DATASET EXCERPTS:
○ ○ ○ ○ ○ ○ ○

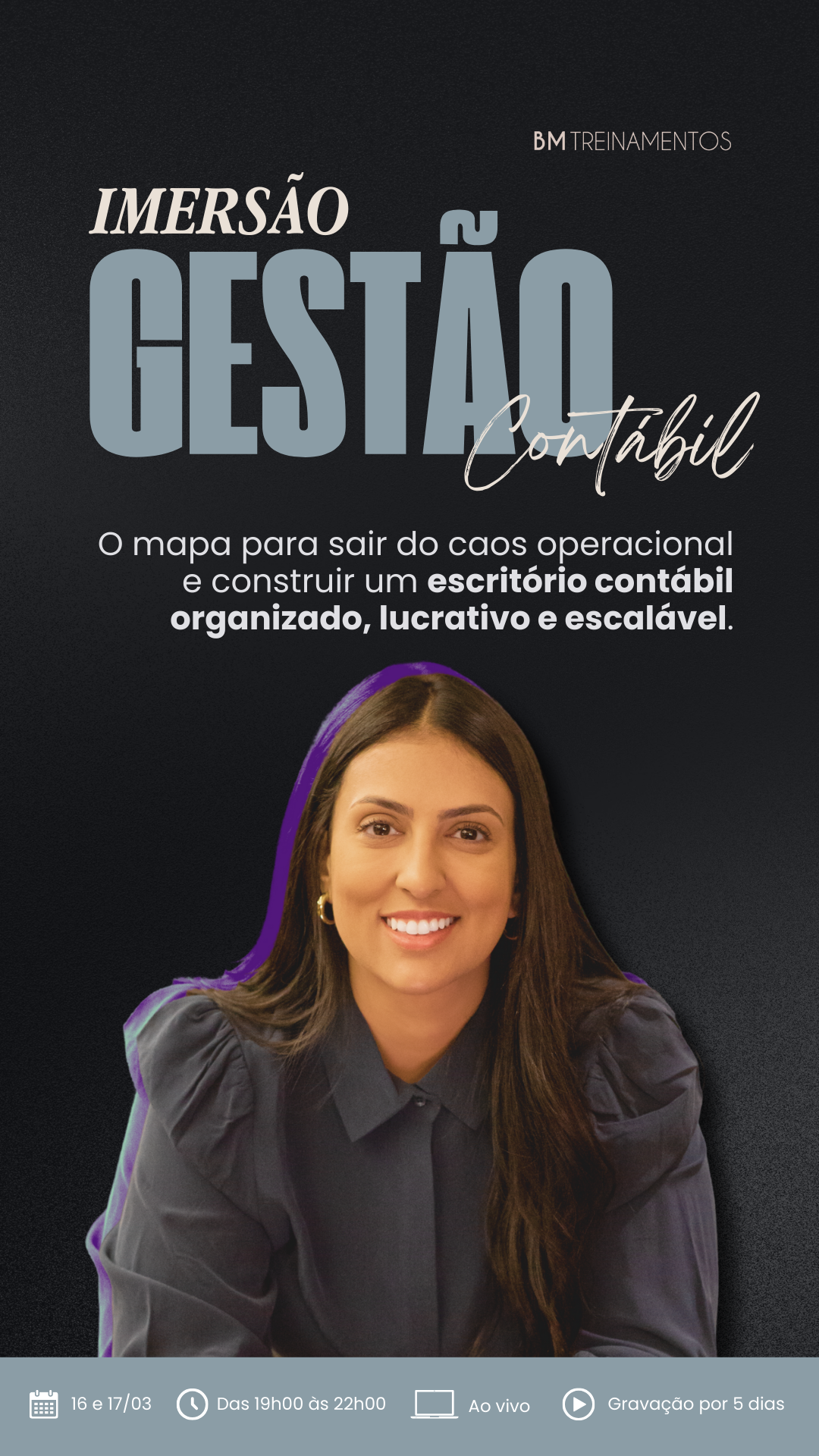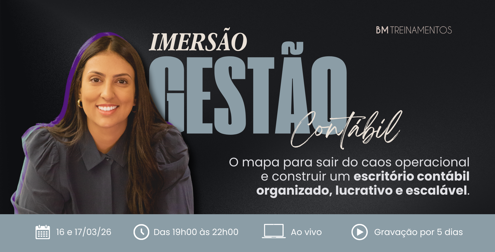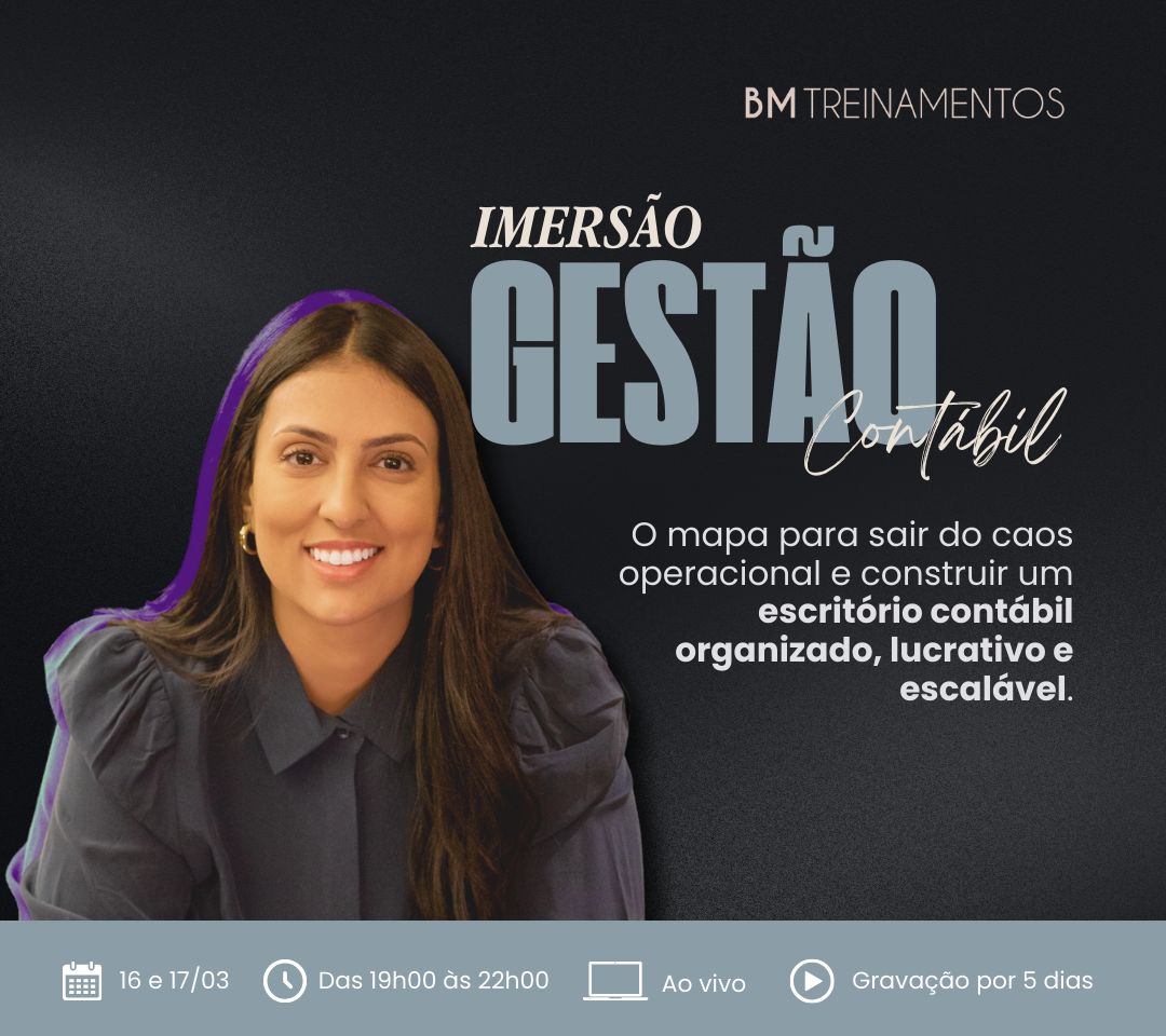 Contador(a), nesta Imersão eu vou te mostrar como organizei a gestão do meu próprio escritório para sair do operacional e assumir, de vez, o papel de dona do negócio.
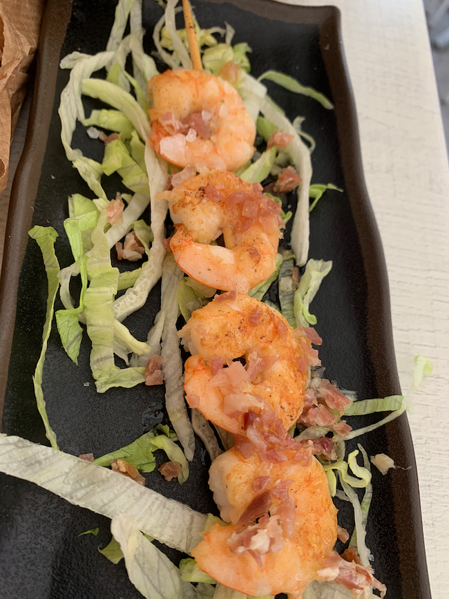 A brochette of grilled shrimp – fresh, delicious.
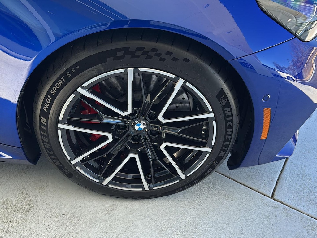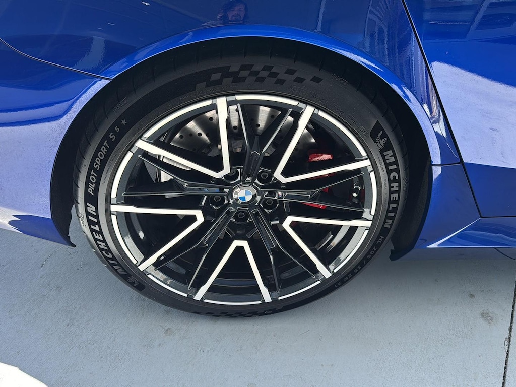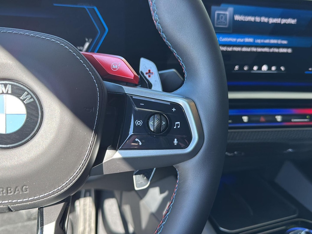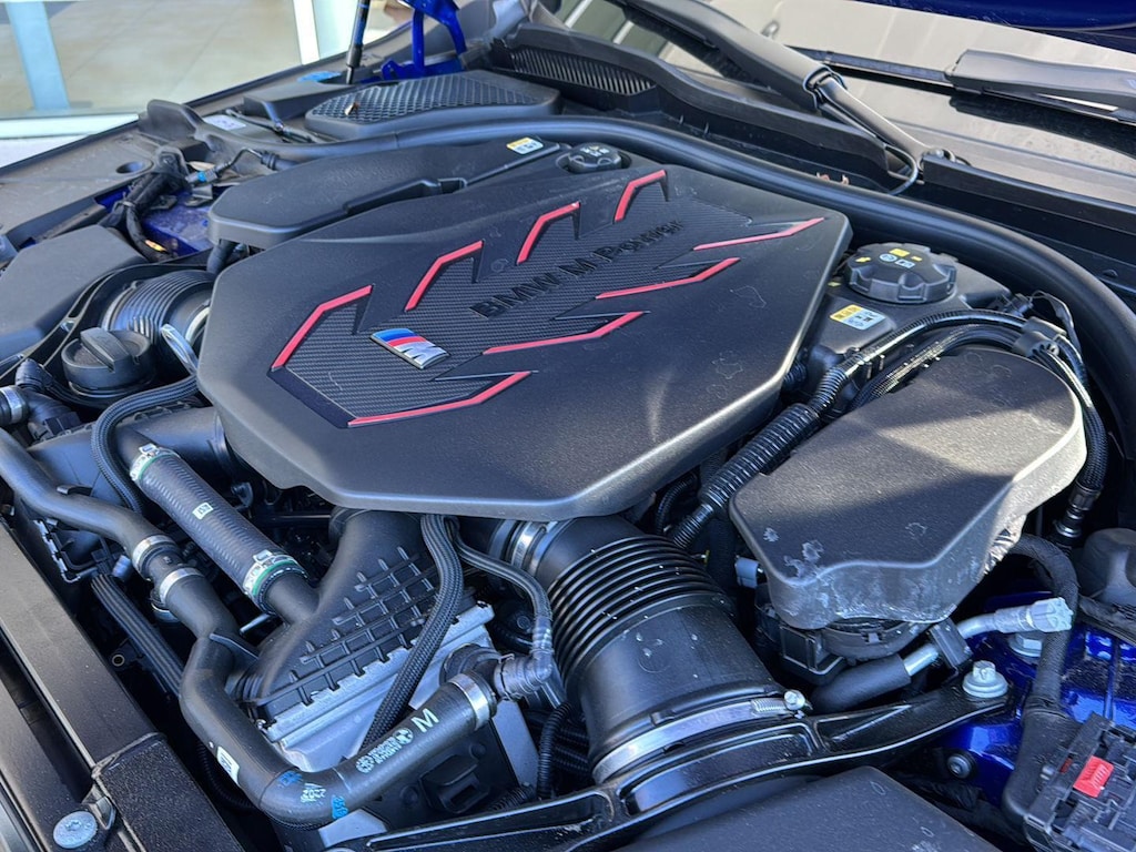 This 2026 BMW M5 Sedan is Marina Bay Blue Metallic with a Silver/Black Extended Merino Leather Interior. It comes very well equipped with a Driving Assistance Professional (Driving Assistant Professional, Traffic Jam Assistant, Lane Change Assistant, Partial Automated Driving), Executive Package (BMW Iconic Glow Kidney Grille, Power Rear Sunshade and Rear Side Window Shade, Front Ventilated Seats, Front and Rear Heated Seats, Interior Camera, Parking View w/ 3d View, Parking Assistant Plus), Carbon Fiber Silver Thread High Gloss Trim, 20"/21" M Dual-Spoke Dark Grey Alloy Wheels, M Drive Professional, Comfort Access Keyless Entry, Hi-Fi Sound System, Automatic Transmission, Navigation System, ConnectedDrive Services, Connected Package Pro, Universal Garage Door Opener, Floor Mats, Tire Pressure Monitor, Heated Steering Wheel, Apple CarPlay/Android Auto Compatibility, Remote Services, Wireless Charging, Decoding for No-Dazzle High Beams, Adaptive Full LED Lights, M Drivers's Package, M Compound Brakes with Red Calipers, Mobility Kit, NEMA 5-15/14-50 Adapter Bundle, Flexible Fast Charger, Active Park Distance Control with Side Protection, Personal eSIM 5G, Wireless Device Charging, Speed Limit Assistant, Travel and Comfort System, M Seat Belts, Active Blind Spot Detection, Foward Collision Mitigation, Lane Keeping Assistant, and Daytime Driving Lights. This 2026 BMW M5 comes with the balance of a BMW Limited Mileage Warranty with coverage until 11/24/2029 or 50,000 miles. Please ask for Internet Sales to receive this special internet offer!
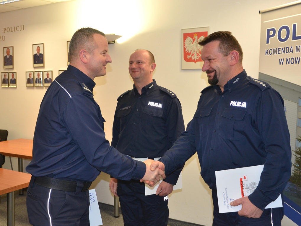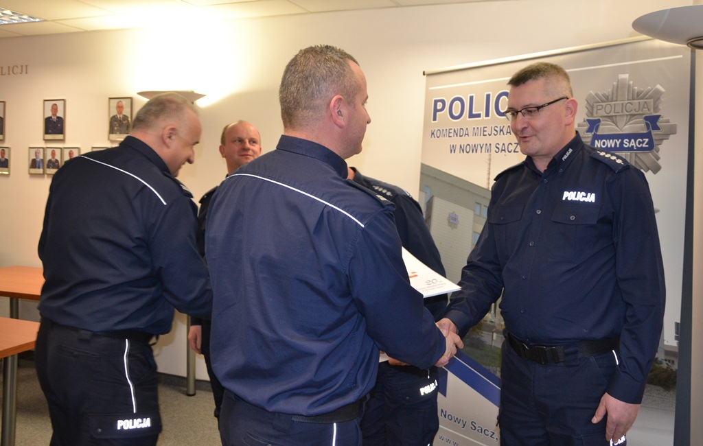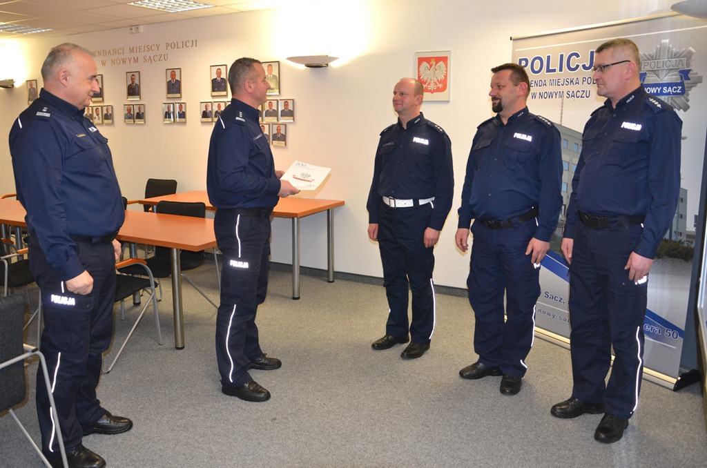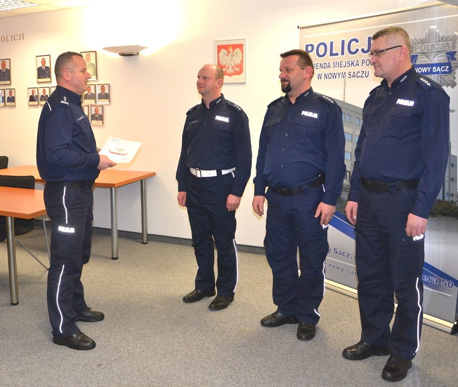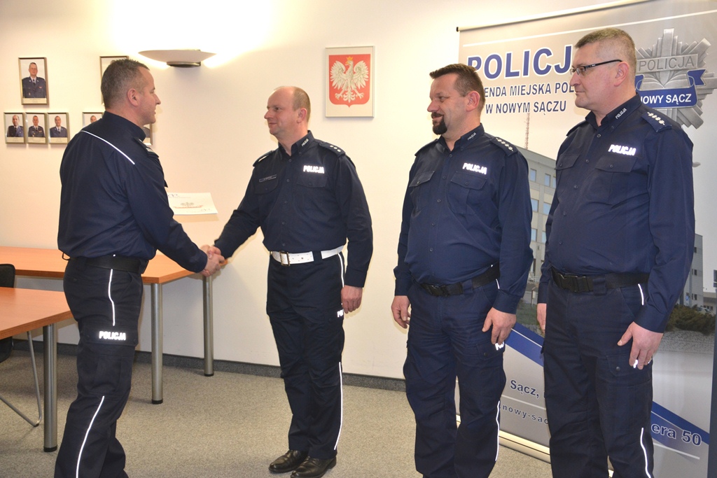 9 marca, Komendant Miejski Policji w Nowym Sączu – insp. Jarosław Tokarczyk, w obecności swojego I Zastępcy mł. insp. Adama Bukańskiego, wręczył trzem policjantom rozkazy personalne powierzenia obowiązków na nowych stanowiskach służbowych.
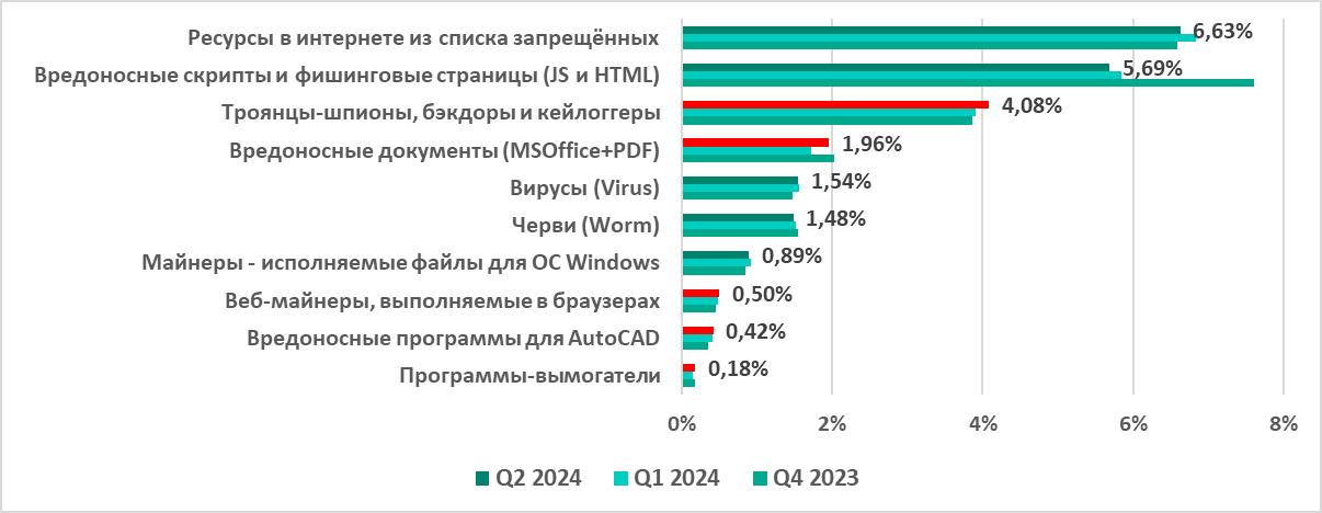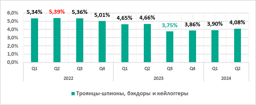 | Троянцы-шпионы, бэкдоры и кейлоггеры | 3,90% | 4,08% | 0,18 п.п. |
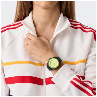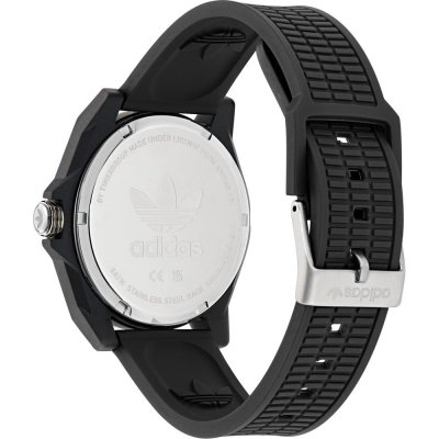 Questo orologio Adidas ha una cassa in Resina con un diametro di 41 mm ed è dotato di un cinturino in Resina. All'interno della cassa si trova un movimento di Timex e l'orologio è dotato di un cristallo di Acrilico.
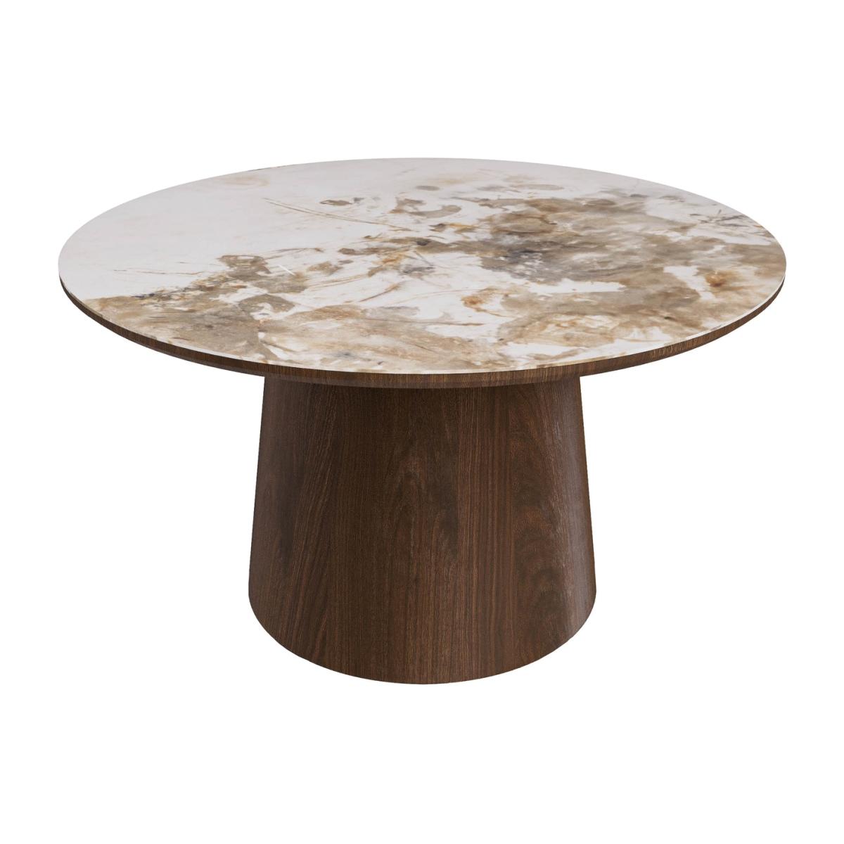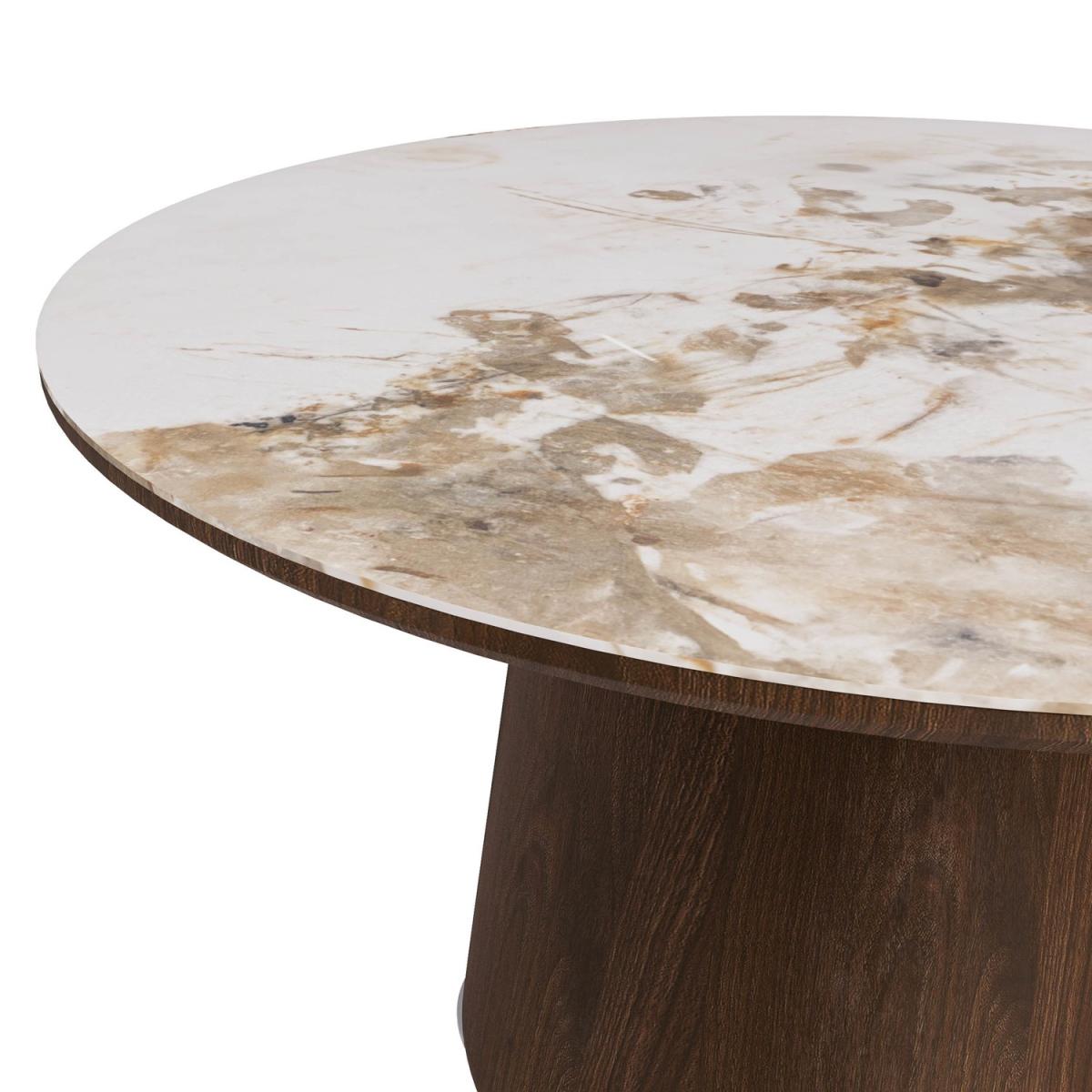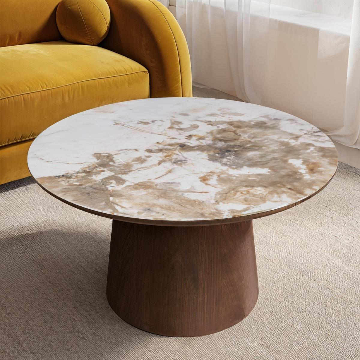 Neutral Ceramic Round Walnut Coffee Table and Sofa Table - Malia

○ ○ ○ ○ ○ ○ ○

Your reply should be the lines of the records from the start through the line with "A brochette of", copied word for word, pictures omitted.

RESPONSE FOR THIS EXERCISE:
 Contador(a), nesta Imersão eu vou te mostrar como organizei a gestão do meu próprio escritório para sair do operacional e assumir, de vez, o papel de dona do negócio.
 A brochette of grilled shrimp – fresh, delicious.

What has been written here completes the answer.